Wednesday, 29 April 2009

Dietary Guidelines Advisory Committee meeting

Briefly live-blogging a portion of the webcast of the third meeting of the 2010 Dietary Guidelines Advisory Committee (agenda .pdf).

Presentation by Adam Drewnowski, University of Washington: "There are people who cannot afford many of the foods that are being recommended." Still, for the most part, he doesn't overstate the case that economics drives nutrition problems, noting that there are healthy affordable foods (once one gets above the most desperate minimal budget levels). Committee member Lawrence Appel asks a skeptical question about whether people would really eat much differently if healthy food were free. Drewnowski: "Energy dense foods do taste good. I admit that. Yes, they do."

Presentation by Frank Sacks, Harvard School of Public Health. Says blood pressure benefits are accentuated at particularly low sodium levels.

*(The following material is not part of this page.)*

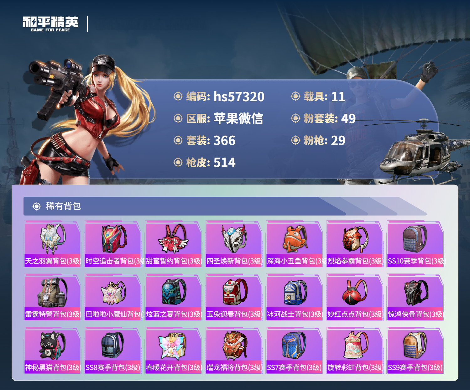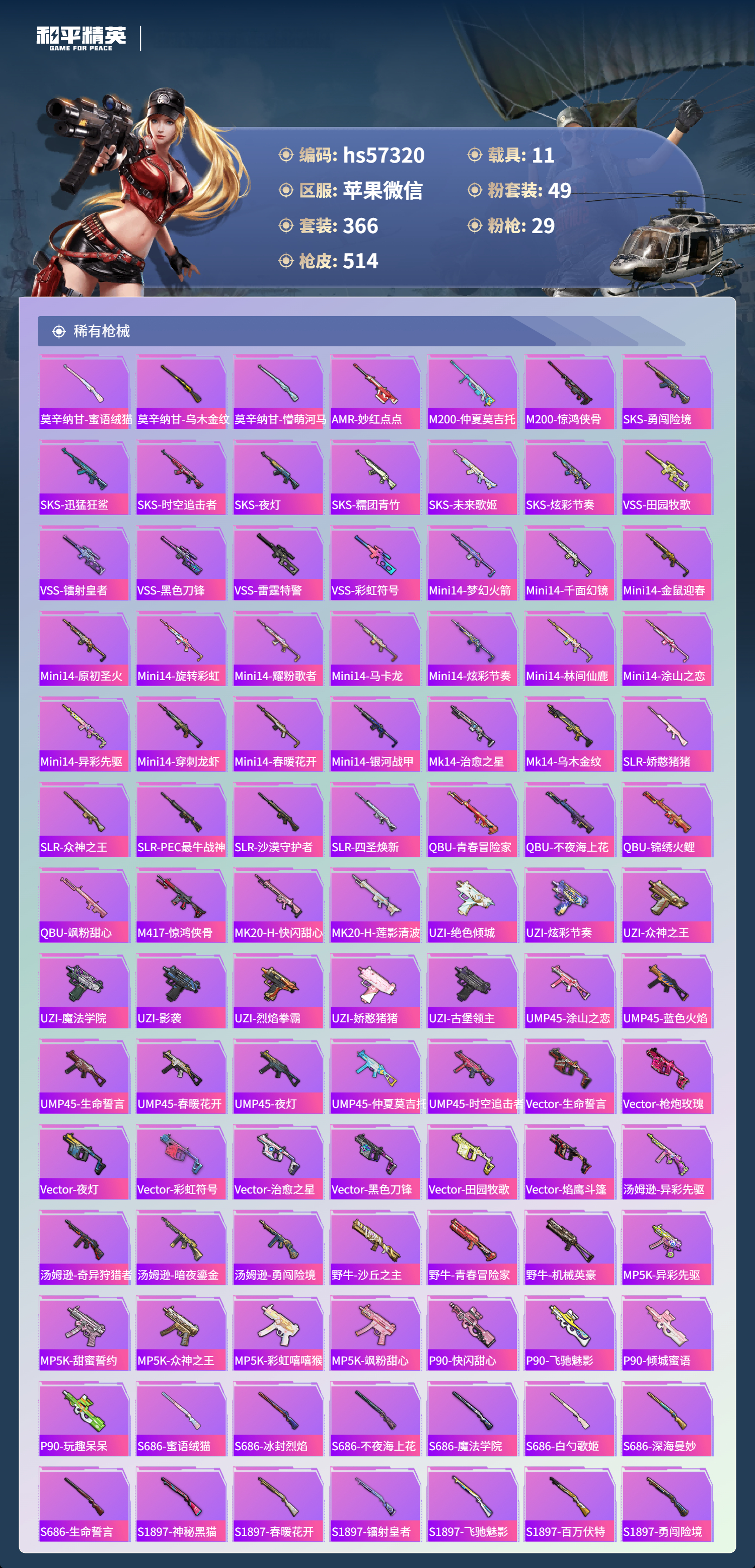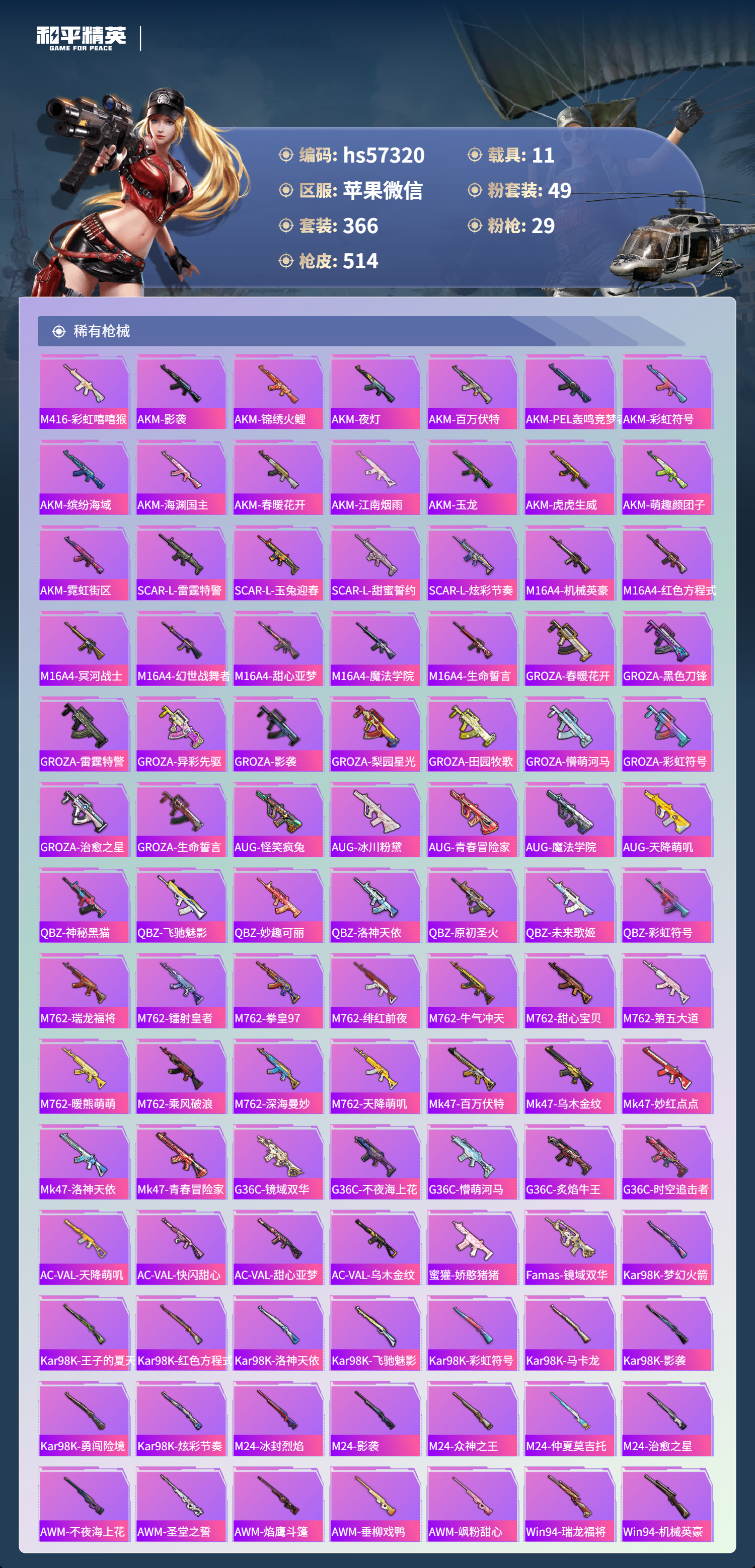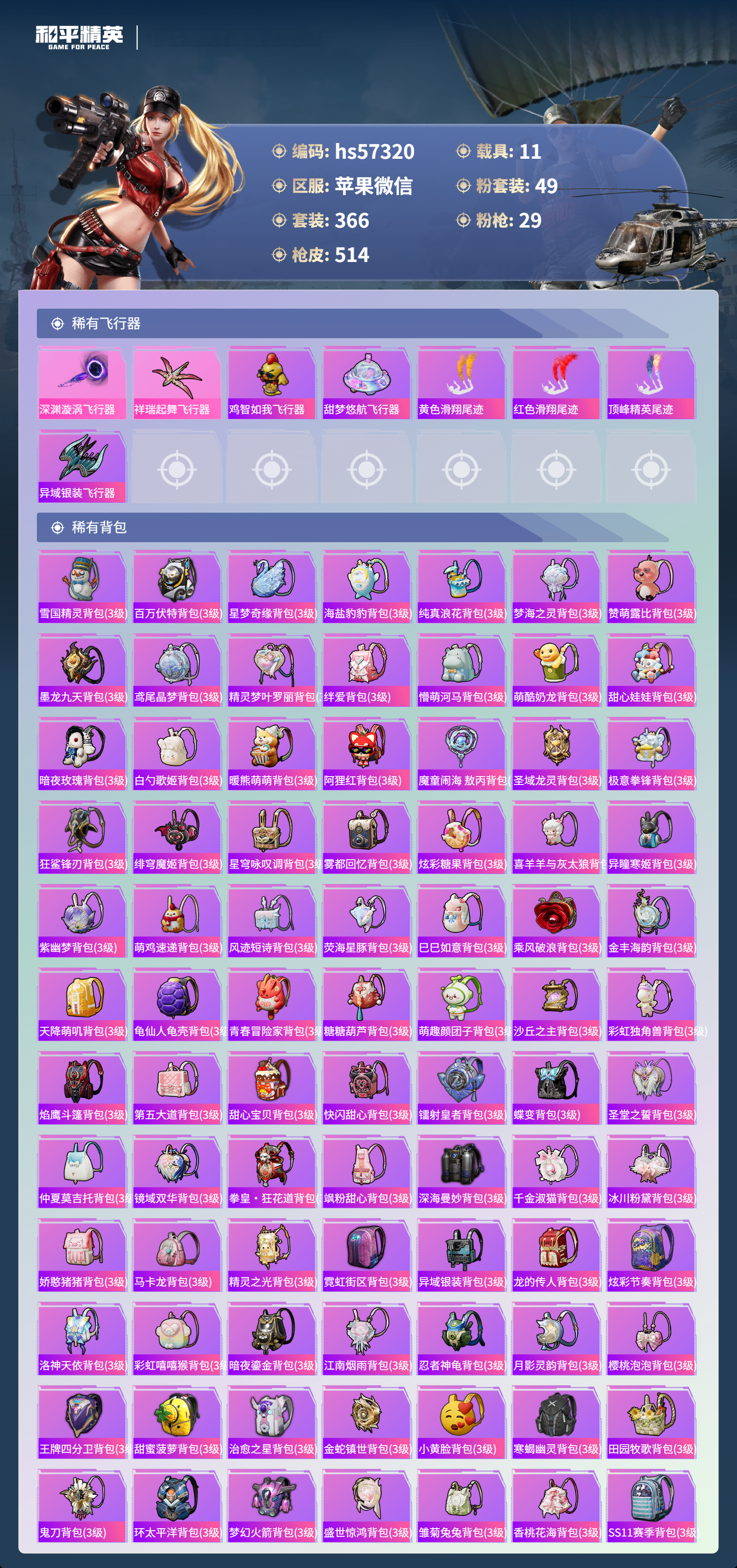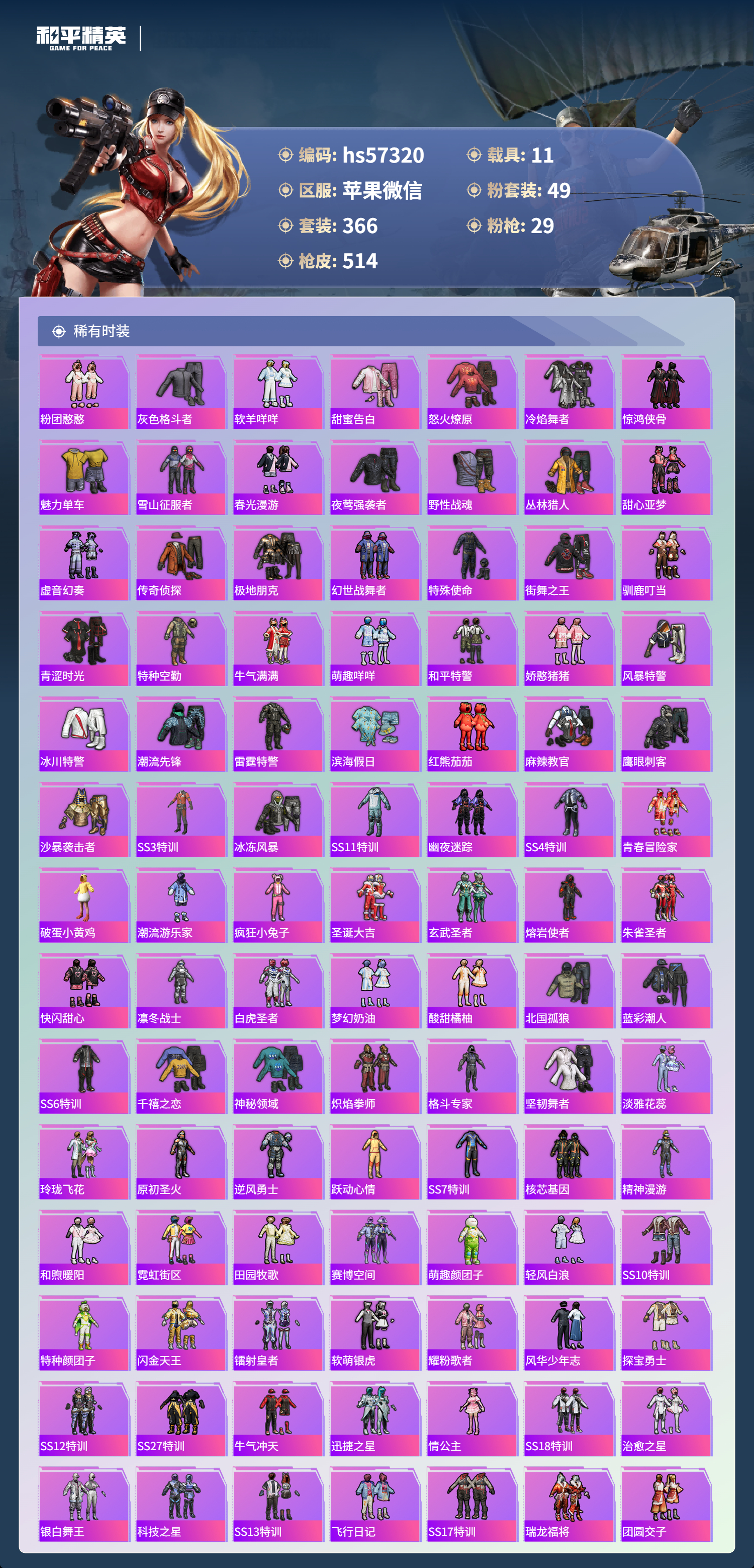 hs57320 苹果微信-34王牌印记-有战神框-4红装-49粉装-29特效呛-11载具-热力值-366套装-514呛皮-13卓越印记-13传奇印记【4红装】圣域龙灵-瑞拉/1级镜域双华-欧若拉/1级精灵之光-露米娜/1级沙丘之主-图卡盟/5级【49粉装】角色-歌者泠鸢角色-小蓝角色-星梦奇缘套装-莲影清波套装-天使彩虹糖套装-傲傲奶龙套装-旋转彩虹套装-深海曼

This contrasts with the Salt Institute's input to the committee, arguing that only a fraction of people benefit from salt reduction, and that low-salt diets may have harmful side effects. Reacting to an argument that young and middle-aged people needn't limit salt, because their blood pressure is less responsive to sodium intake, Sacks notes dryly: hopefully, if they survive, the 45 year olds will live to become older.

Sacks also summarizes a growing body of research suggesting that patterns of weight loss and regain over time are similar across weight-loss diet strategies (Ornish, Atkins, Weight Watchers, etc.). Although the Dietary Guidelines have traditionally reflected a reductionist approach, emphasizing nutrient recommendations, Sacks doesn't shy away from the implications of his summary. In response to a question about whether the old Dietary Guidelines recommended range for fat calories is still correct, Sacks takes a line that one might equally have heard from Michael Pollan: perhaps we don't even need a recommended macronutrient range for fat. "Recommendations should be based on food."

Presentation by Patricia Crawford, University of California. In the same vein: "People want food-based specifics for the translation of nutrient guidelines."